Douglas Flora, Executive Medical Director of Yung Family Cancer Center at St. Elizabeth Healthcare, President-Elect of the Association of Cancer Care Centers, and Editor in Chief of AI in Precision Oncology, shared a post on LinkedIn:
“The Centaur Compact: What Kasparov’s Defeat Taught Us About the Doctor We Need Next
Where is the wisdom we have lost in knowledge? Where is the knowledge we have lost in information?

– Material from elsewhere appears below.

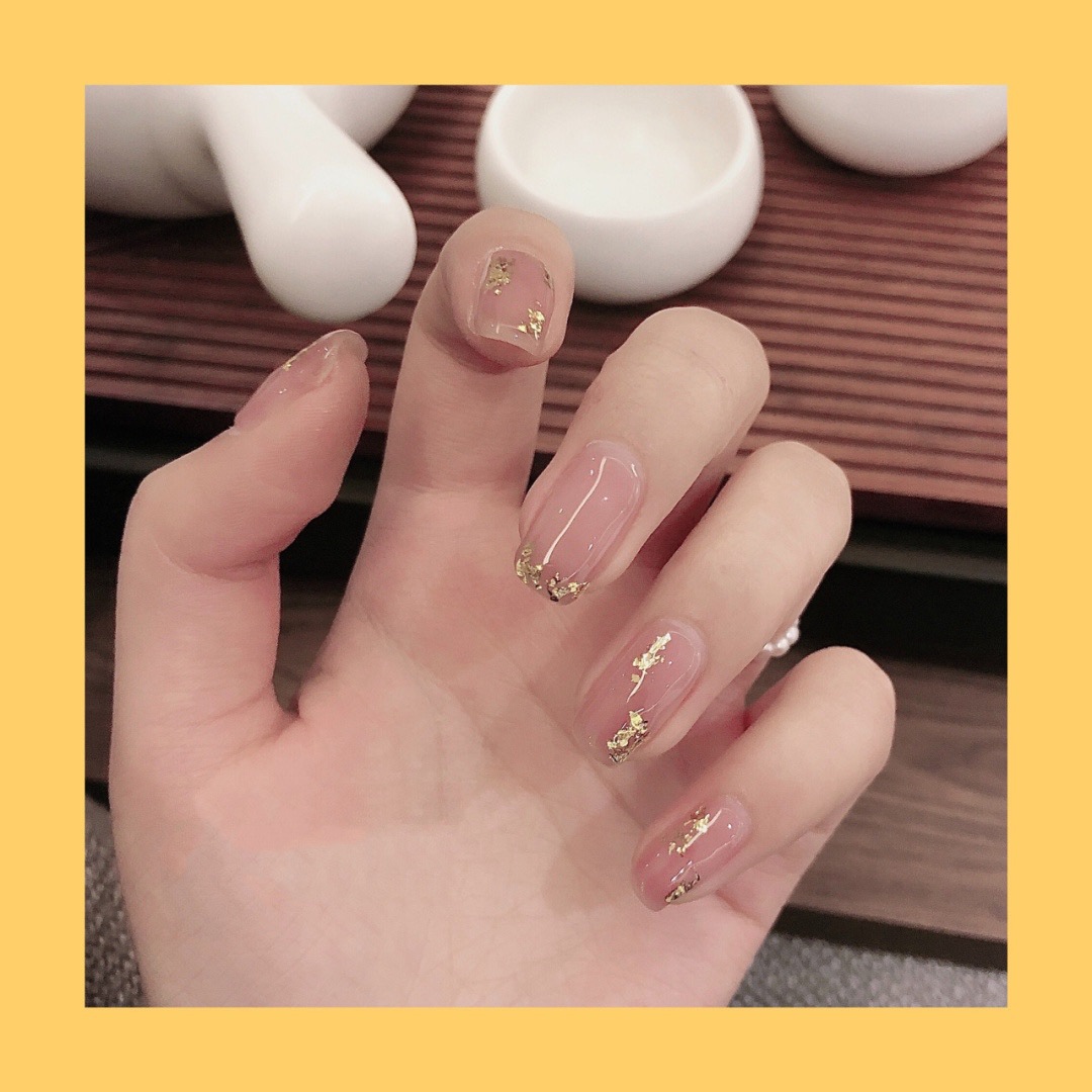 裸色透温柔金箔穿戴甲成品美甲贴片假指甲指甲贴片美甲片防水可拆 수량

– T. S. Eliot, ‘The Rock’ (1934)
In 1909, a Louisville schoolmaster named Abraham Flexner set out to inspect the medical schools of the United States and Canada. He carried a notebook, a Carnegie Foundation expense account, and a degree in classics. He had no medical training of his own. That fact has been used against him ever since, and it was probably his greatest asset. Over the eighteen months that followed, he visited 155 institutions, and he found, in many of them, what he later described with dry horror: schools without laboratories, without libraries, without cadavers; ‘diploma mills’ whose proprietors collected tuition and conferred degrees with roughly the ceremony of a hardware sale. He smelled formaldehyde in some places. In others, only kerosene and damp wool. He took notes the way an entomologist takes notes, exactly, dispassionately, and without sentimentality about what he was destroying.

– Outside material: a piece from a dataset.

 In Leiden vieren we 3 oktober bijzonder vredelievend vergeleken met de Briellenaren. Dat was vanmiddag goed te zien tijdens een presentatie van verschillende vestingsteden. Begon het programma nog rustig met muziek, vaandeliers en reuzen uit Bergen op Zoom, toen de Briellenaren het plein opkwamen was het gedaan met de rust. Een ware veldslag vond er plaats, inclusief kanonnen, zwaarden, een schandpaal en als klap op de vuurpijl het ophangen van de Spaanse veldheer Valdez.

The report he published in 1910 went far beyond recommending reform. It eliminated roughly two-thirds of the country’s medical schools over the next two decades, standardized what remained around basic science, and embedded at the center of American physician training an assumption so deep that we have largely forgotten it is an assumption at all: that to heal, one must first know. To hold the body’s machinery inside the mind, retrievable and precise and complete, before laying hands on a patient. To know anatomy the way a cartographer knows a coastline, pathology the way a detective knows motive. To carry, in a cognitive ledger, the named diseases of the world.
That assumption is now being quietly dismantled by machines.
The evidence is no longer subtle. Large language models recite the causes of acute pancreatitis faster than any second-year resident, reproduce the diagnostic criteria for systemic lupus with perfect fidelity, and synthesize a morning’s worth of laboratory data in the time it takes to pour coffee. Systems that can reason across tasks, call external tools, and act on their conclusions without human prompting at each step are moving out of research demonstrations and into clinical workflows faster than institutions can absorb them. The vocabulary of artificial general intelligence, until recently the property of alignment researchers, has entered the clinical literature. Whether that arrives in five years or in fifteen is genuinely contested, sometimes fiercely; the direction is not. Information itself is becoming nearly free. That condition is the ground we now stand on, and it asks something uncomfortable of medical education. The live question is no longer only what we teach medical students. It is who we admit, and why.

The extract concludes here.